# HOW TO COMPLETE THIS TASK
Your output should be the lines below from the one holding "8. If necessary" through the one holding "Put Left Side Part on Clamp", transcribed exactly, with no pictures.

# EXTRACTED MATERIAL
================================
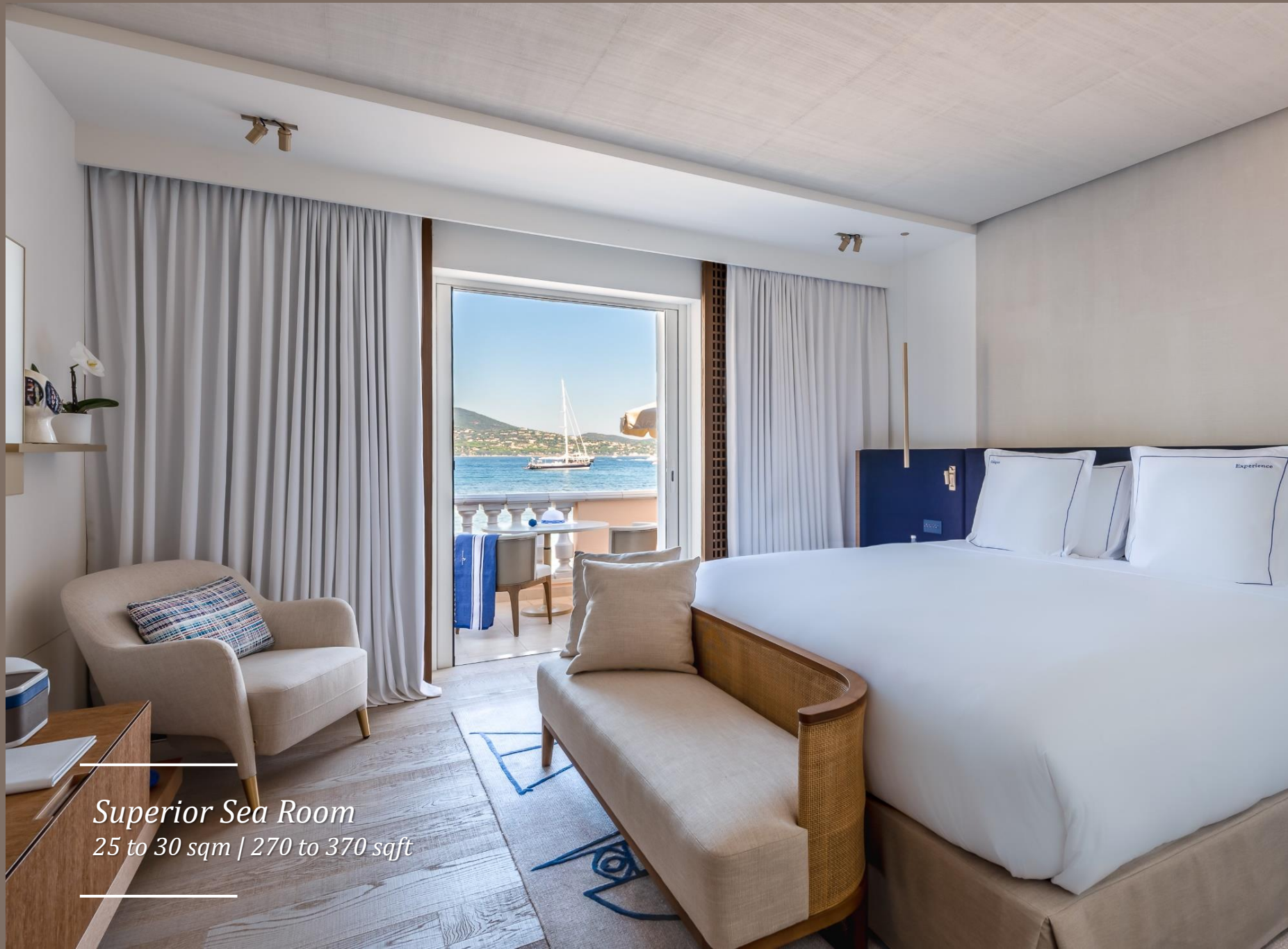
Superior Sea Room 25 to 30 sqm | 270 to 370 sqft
================================
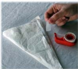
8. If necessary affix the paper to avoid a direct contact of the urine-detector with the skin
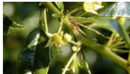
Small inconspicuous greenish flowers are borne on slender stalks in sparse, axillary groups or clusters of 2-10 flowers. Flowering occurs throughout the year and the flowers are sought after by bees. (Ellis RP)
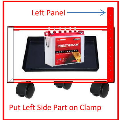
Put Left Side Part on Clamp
================================
# FINISHED EXERCISE
8. If necessary affix the paper to avoid a direct contact of the urine-detector with the skin
Small inconspicuous greenish flowers are borne on slender stalks in sparse, axillary groups or clusters of 2-10 flowers. Flowering occurs throughout the year and the flowers are sought after by bees. (Ellis RP)
Put Left Side Part on Clamp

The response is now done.